Genetika Iqra: Sebuah Revolusi Epistemologi di Gurun Pasir
Secara filosofis, peletakan batu pertama peradaban Islam ini merupakan sebuah revolusi epistemologi. Islam tidak memulainya dengan dogma buta, melainkan dengan ketukan keras pada gerbang kesadaran intelektual manusia.
Secara sosiologis, perintah ini hadir di tengah masyarakat Jahiliyah yang terfragmentasi oleh fanatisme kesukuan, tradisi lisan yang konservatif, dan ketergantungan pada mitologi. Nabi Muhammad saw. saat itu adalah seorang ummi—tidak bisa baca-tulis teks. Fakta ini justru mempertegas makna filosofis yang mendalam: Iqra bukan sekadar mengeja aksara di atas kertas.
Iqra adalah perintah untuk membaca realitas, merenungkan tanda-tanda alam, membongkar ketidakadilan sosial, dan menyaring kebenaran di tengahl kekacauan zaman. Wahyu pertama ini berhasil mengubah bangsa pengembala unta yang buta huruf menjadi pemimpin peradaban dunia yang menguasai sains, filsafat, dan teologi hanya dalam beberapa dekade. Dulu, ilmu adalah barang mewah yang harus ditebus dengan perjalanan berbulan-bulan melintasi gurun pasir yang mematikan.
Menatap Cermin Modernitas: Krisis Makna di Era Infobesity
Hari ini, bentang sosiologis itu telah berbalik arah secara dramatis. Kita hidup di era yang dikepung oleh kemudahan digital. Kitab-kitab klasik yang dulu harus dicari ke Baghdad atau Cordoba, kini tersimpan rapi dalam gawai di saku celana kita.
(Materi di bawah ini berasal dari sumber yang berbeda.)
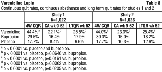 Across both Studies 1 and 2, craving and withdrawal were significantly reduced in patients randomised to varenicline in comparison with placebo. Varenicline also significantly reduced reinforcing effects of smoking that can perpetuate smoking behaviour in patients who smoke during treatment compared with placebo.
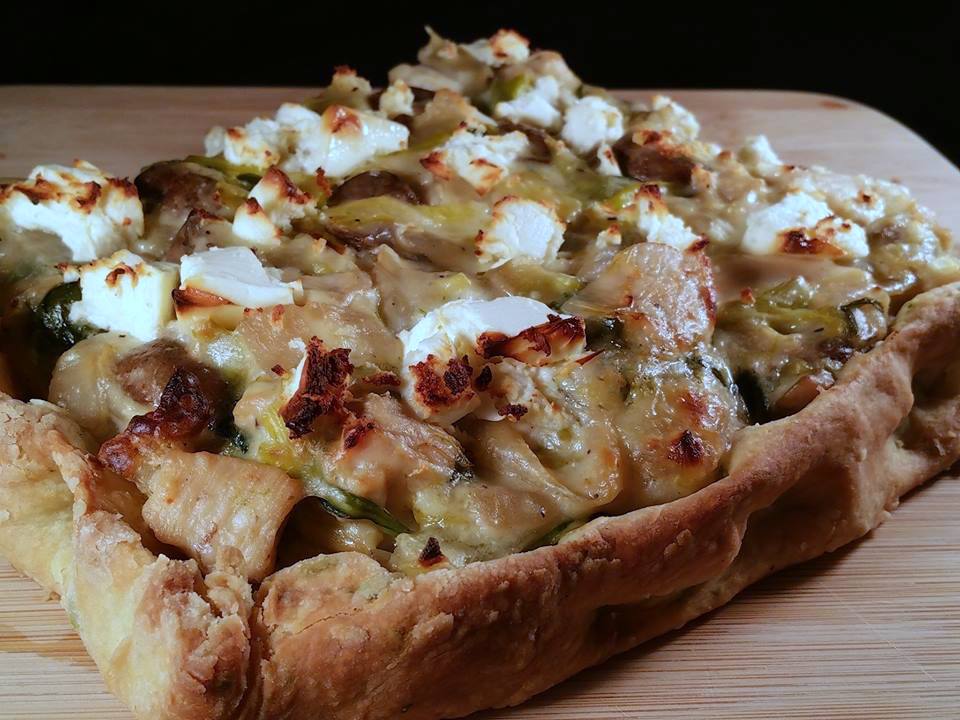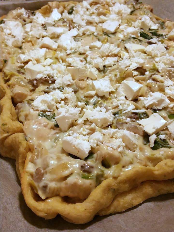 Verscheur de feta en verdeel hem over de vulling van de pizza.
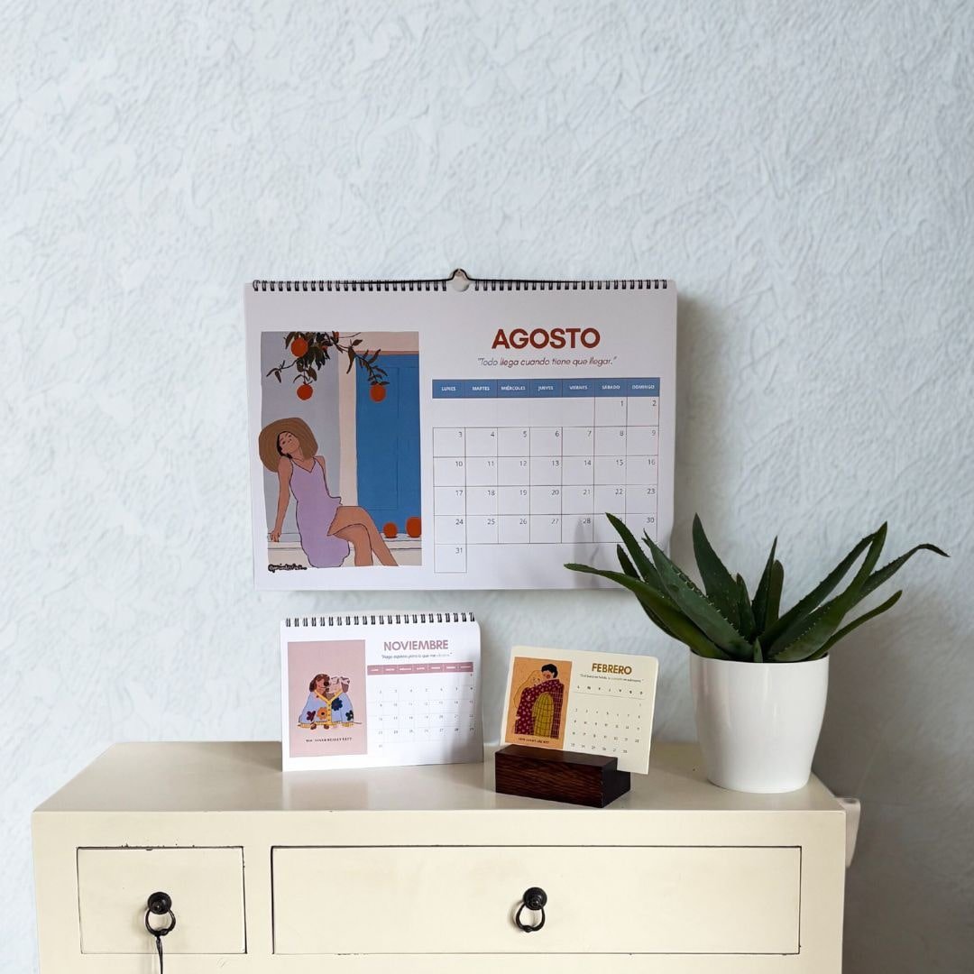 Each month features watercolor illustrations by Andrea Gandiaga, bringing soft tones and emotional warmth into your everyday life.
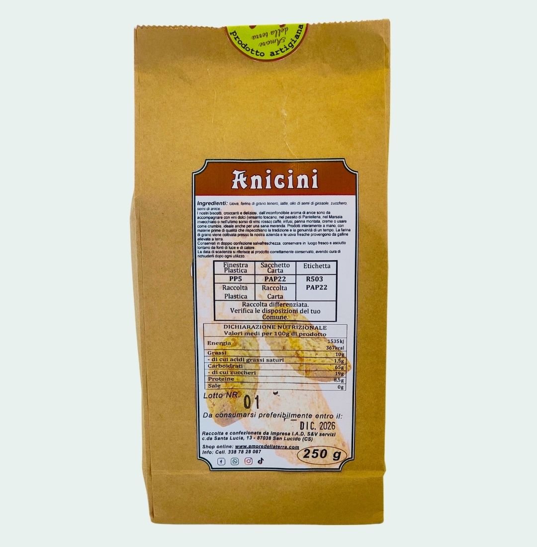 Realizzati con farina di grano coltivato presso la nostra azienda e uova fresche da galline allevate a terra in sede. Croccanti, gustosi, dall’inconfondibile aroma d’anice sono l’ideale per una sana merenda o un gustoso spuntino.
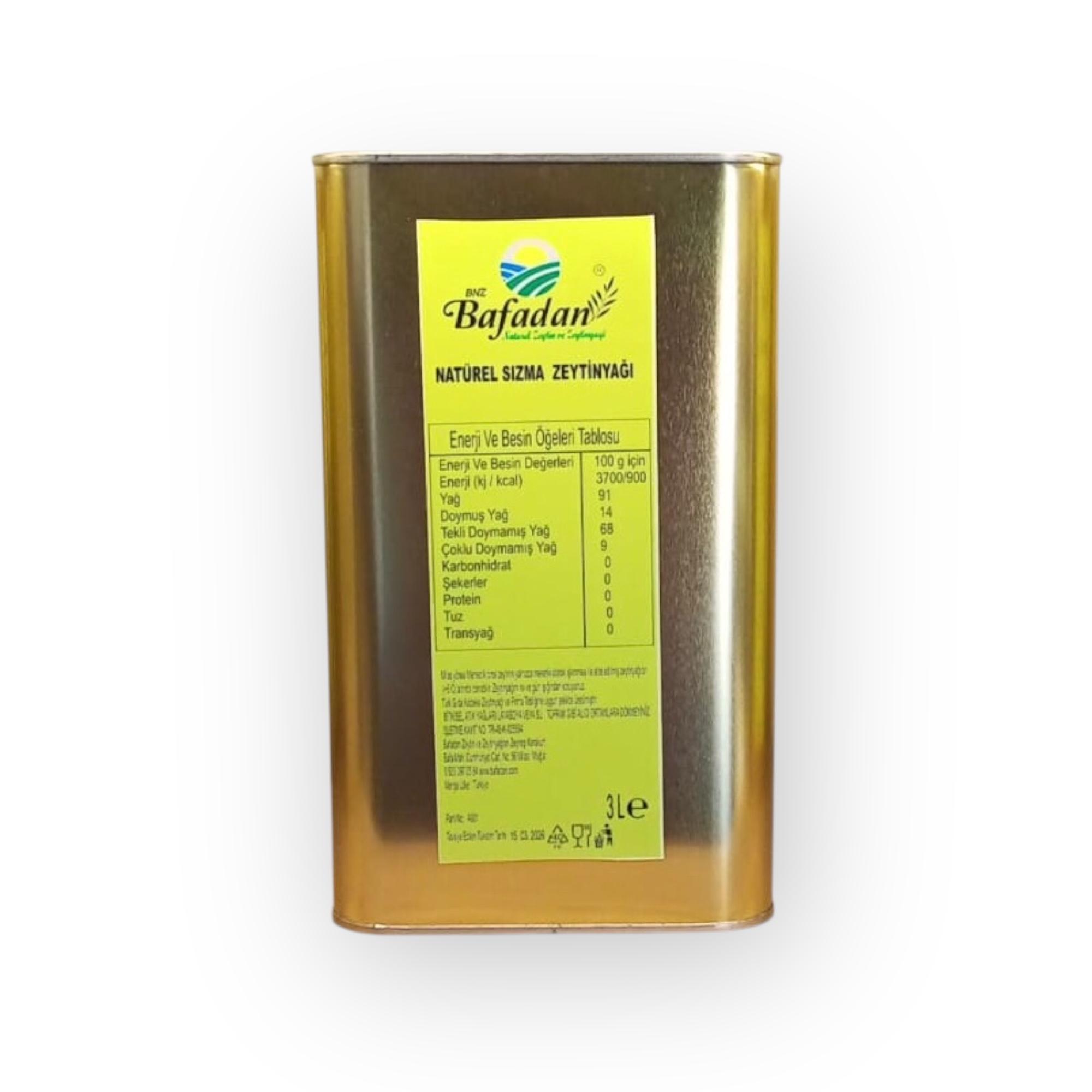 BNZ BAFADAN Natürel Sızma Zeytinyağı, 1845 yılından bu yana ailemize ait olan topraklardaki zeytinlerden soğuk sıkım (≤27°C) yöntemiyle elde edilir. Asit oranı %0,8’in altındadır, bu da üstün kalite ve düşük asitlik göstergesidir. Zeytinyağımız, hafif meyvemsi tadı, taze yeşil kokusu ve berrak altın sarısı rengiyle özellikle çiğ tüketim (salatalar, kahvaltılar, soslar) için idealdir. Hiçbir katkı ve koruyucu madde içermez, filtresiz ve %100 doğaldır.

Akses informasi menjadi begitu instan, murah, dan melimpah. Namun, di sinilah ironi terbesar abad ke-21 muncul: kemudahan akses tidak berbanding lurus dengan kedalaman berpikir. Masyarakat modern justru terjebak dalam penyakit baru yang disebut kemalasan epistemik (epistemic laziness).
Secara filosofis, kita sedang mengalami krisis makna akibat infobesity (banjir informasi). Kita membaca ribuan potong teks setiap hari melalui media sosial, tetapi kehilangan kemampuan untuk melakukan tadabbur (perenungan mendalam). Kita menjadi masyarakat yang “banyak membaca tapi sedikit memahami”.
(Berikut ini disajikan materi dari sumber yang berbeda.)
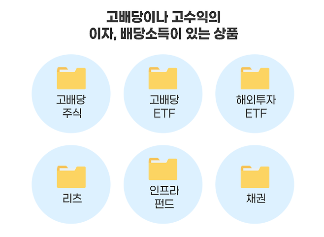 따라서 고수익의 배당∙이자소득이 발생할 것으로 기대되는 상품을 운용하는 것이 합리적이며, 고배당 주식이나 ETF, 해외투자 ETF, 리츠, 인프라펀드, 채권과 같은 상품들이 좋은 예시가 됩니다.
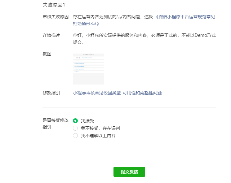 从官方给你的截图来看,你小程序是个DEMO,你开发了啥?不通过很正常。
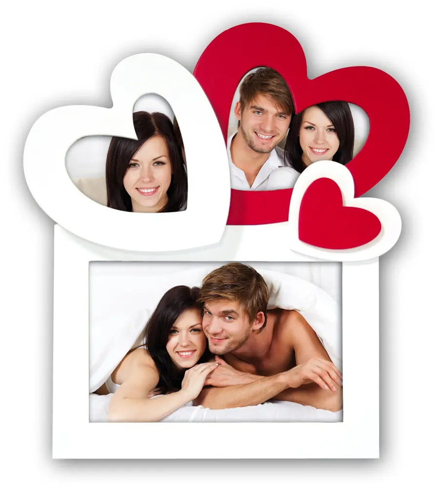 Ingrid is a white and red collage picture frame with two of the images heart-shaped. Fits just as nicely on the bookshelf as on the bedroom wall.
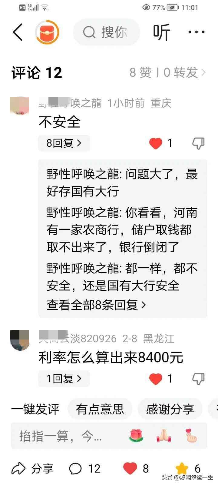 这位友友在看我29号那天写的文章,我在农商行存款10万是2.8的利率。
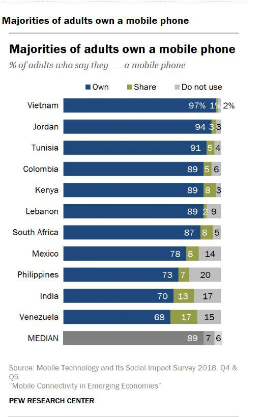 2018年,皮尤数据显示,接受调查的11个新兴和发展中国家的成年群体中,拥有手机比例最高的国家是越南,有97%的越南成年人有手机。拥有手机比例最低的国家是来自南美洲的委内瑞拉(68%),其余32%的委内瑞拉成年人中,17%的与他人共享手机,15%的不用手机。
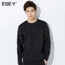 逸阳男装春季新款上衣修身型圆领套头长袖太空棉印花卫衣男0006S
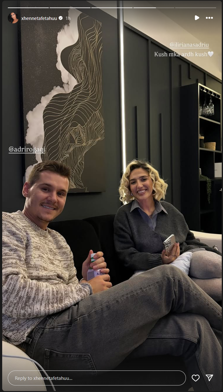 Në rrjete sociale, ajo ka treguar se për vizitë i kanë shkuar Iliriana dhe Adri teksa ky i fundit shihet teksa këndon në një video të ndarë nga Xheneta.
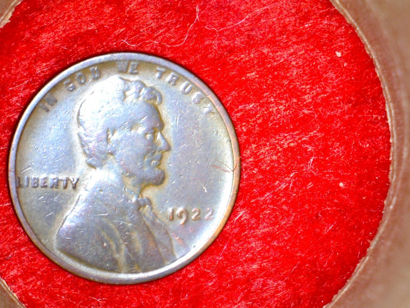 How's about a little help from my friends ? I have this 1922 Lincoln cent that appears to me to be a missing D varity. My eyes are not that great to be sure so I took these pictures. At the least it could be considered as a weak D, but what do you think ? Could this be the missing D with strong reverse (die pair 2) ?. What condition would you grade it. Should I have it slabbed ? Dave
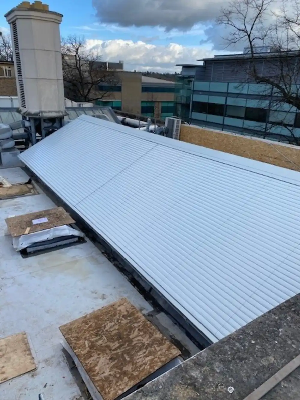 Installed Motorised T.80 Exterior Sunshields to 2 large, angled skylight windows. Multiple blinds were installed to each skylight. Opening windows were fitted with individual blinds to allow them to open independently to aid airflow through building in warmer months.
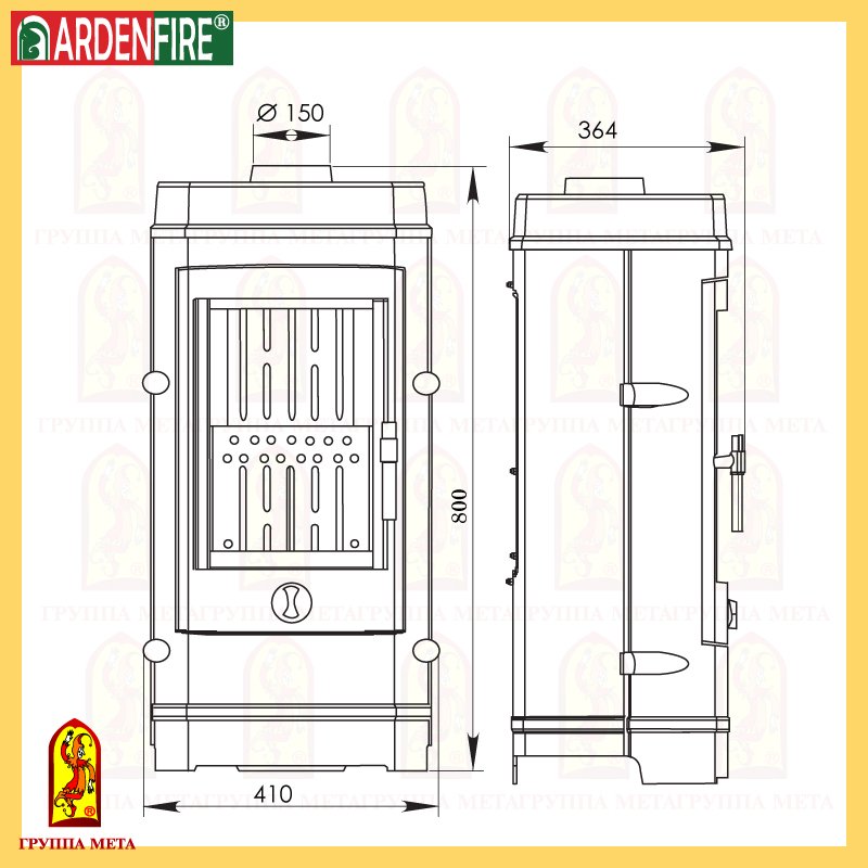 - Диаметр дымохода, мм 150

Secara sosiologis, kemudahan teknologi justru memanjakan otak manusia untuk menjadi konsumen informasi yang pasif. Kita lebih betah menghabiskan waktu berjam-jam menonton video hiburan berdurasi singkat daripada meluangkan waktu tiga puluh menit untuk mengkaji sebuah bab dalam buku ilmiah.
Mengonfrontasi Kemalasan dengan Hadis “Kelas Atas”
Argumen ini menjadi sangat menyakitkan ketika kita mengonfrontasinya dengan teks-teks otoritatif keagamaan. Islam memiliki garis hukum yang sangat tegas dan tidak main-main soal ini. Rasulullah saw. bersabda:
“Menuntut ilmu itu wajib bagi setiap Muslim.” (HR. Ibnu Majah).